Кажется, привязывать Н-2 к столу больше не нужно – по-моему, мне уже перерезали спинной мозг.
– Если задуматься, все совершенно очевидно. К чему расе, способной переделывать миры, планировать на миллионы лет и световые годы вперед, строить на расстоянии парсеков от своей родины, к чему ей хвататься за вещь столь вульгарную, как территория одной небольшой и не слишком выдающейся планеты?
Зрение отключается. Я в черной пустоте, я не вижу индустриализированной бойни вокруг, не чувствую, как надо мной проводят вивисекцию, я отрезан от всего и слышу лишь голос Харгрива, визг режущих кости пил, шипение лазерных лучей, врезающихся в твердь.

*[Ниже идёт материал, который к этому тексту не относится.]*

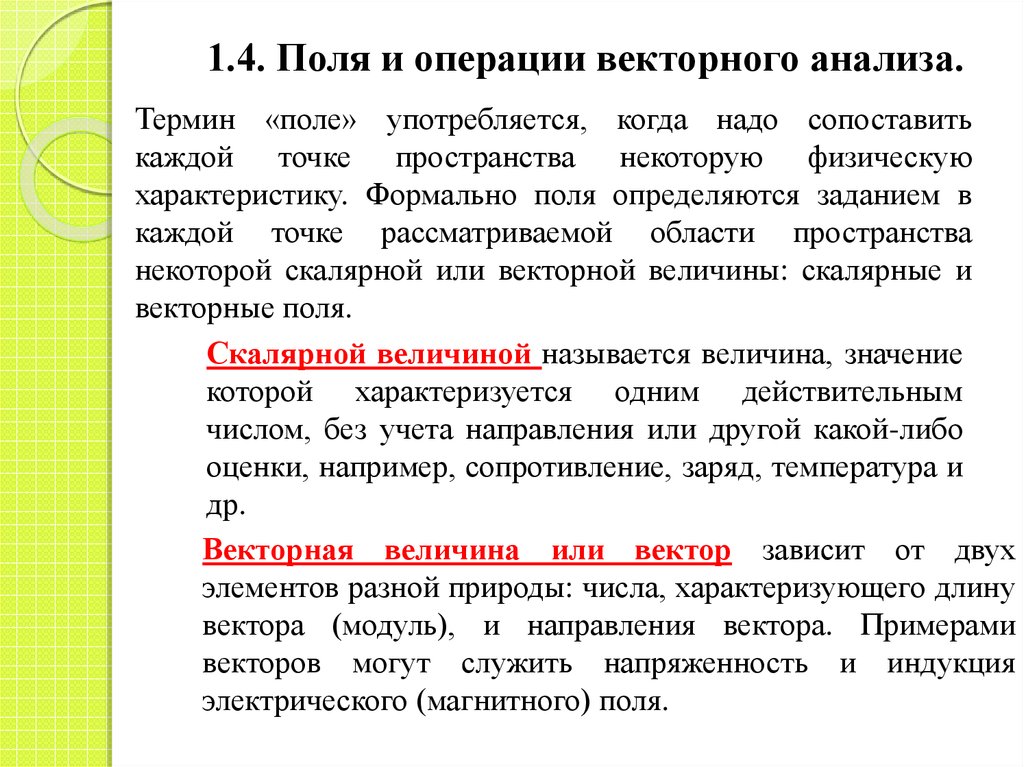 1.2. Векторные функции, характеризующиеэлектромагнитное поле.

– Сынок, когда-то люди хотели сохранить тропические джунгли. Да, те люди были большей частью эмоциональными крикунами, неорганизованными и с кашей в головах, но кое-кто из них уяснил: никак нельзя заинтересовать близорукую и равнодушную публику судьбой кучки деревьев за полмира от нее. Люди и ломаного гроша не дадут, если не сказать им четко и прямо, какая лично для них будет выгода.
Все, в моем мире больше нет лазеров, нет пил. Я глух, слеп, нем, бесчувствен, парализован. Но отчего- то еще могу слушать голос Харгрива. Верный слову, он остается рядом со мной, ведет сквозь долину смертной тени. Джейкоб Харгрив теперь – вся моя Вселенная.
– И вот разумнейшие из защитников окружающей среды нашли, как продемонстрировать публике выгоду. Смотрите, господа, тропический лес дал нам таксол, дал антиоксиданты, лекарства от старения, в лесу отыщутся лекарства от рака и фильтры от любой гадости, выбрасываемой нами в атмосферу. В лесу – миллионы средств, миллионы важных ингредиентов, тропический лес, возможно, в один прекрасный момент сделает всех нас бессмертными, но если мы уничтожим его, не понимая, что же именно уничтожаем, – потеряем все.
Я соображаю, к чему он. Соображаю, зачем вся эта протяжная нудятина, бесконечный монолог, бессмысленная, невыносимая и неизбежная трепотня ополоумевшего дядюшки у камина. Это отвлечение, попытка заставить меня не думать о том, что происходит со мной. Это
Интересно, понял ли Пророк, что означает, когда тип вроде Харгрива зовет тебя «сынком»?
– Хорошая стратегия, в самом деле, и она, возможно, сработала бы, если б в один прекрасный день некая компания – кажется, одна из моих – не синтезировала таксол. А затем над нами встало прекрасное солнце синтетической биологии – и к чему оставлять неразвитыми и неразработанными миллионы гектаров земли, полагаясь на некое чудесное целительное снадобье в них, когда можно заставить микробы рожать любую гадость – только запрограммируй, и готово. И тропический лес стал всего лишь историей.
Кажется, голос Харгрива слабеет, тускнеет. Ощущение зыбкое, но сравнивать не с чем. Может, это лишь мое воображение?
– Но цефы намного, намного умнее нас. Они знают: мы видим лишь то, что готовы увидеть, и сделать можем лишь представимое для нас. А природа за четыре миллиарда лет бесконечного экспериментирования, мутаций, селекции, это дивное царство дарвиновского отбора во всей прелести и разнообразии, – она создала множество невообразимого, у нее для нас подарки, каких мы и представить себе не способны.
Да, голос и в самом деле ослабел.
– Цефы это хорошо понимают. Они являются на планеты, где родилась жизнь, оставляют наблюдательные станции, чтобы посмотреть, какие чудеса рождает эволюция, – и оставляют планеты в покое. А каждый миллион лет или около того заглядывают проверить, как растет их заброшенный сад. Заверяю тебя, мой юный друг: им вовсе не понравился рак, расползшийся по лицу нашей планеты с тех пор, как цефы побывали здесь в последний раз. Они увидели бесконтрольно растущее людское племя, уничтожающее все вокруг себя и слишком глупое, чтобы понять: тем самым уничтожает и самое себя.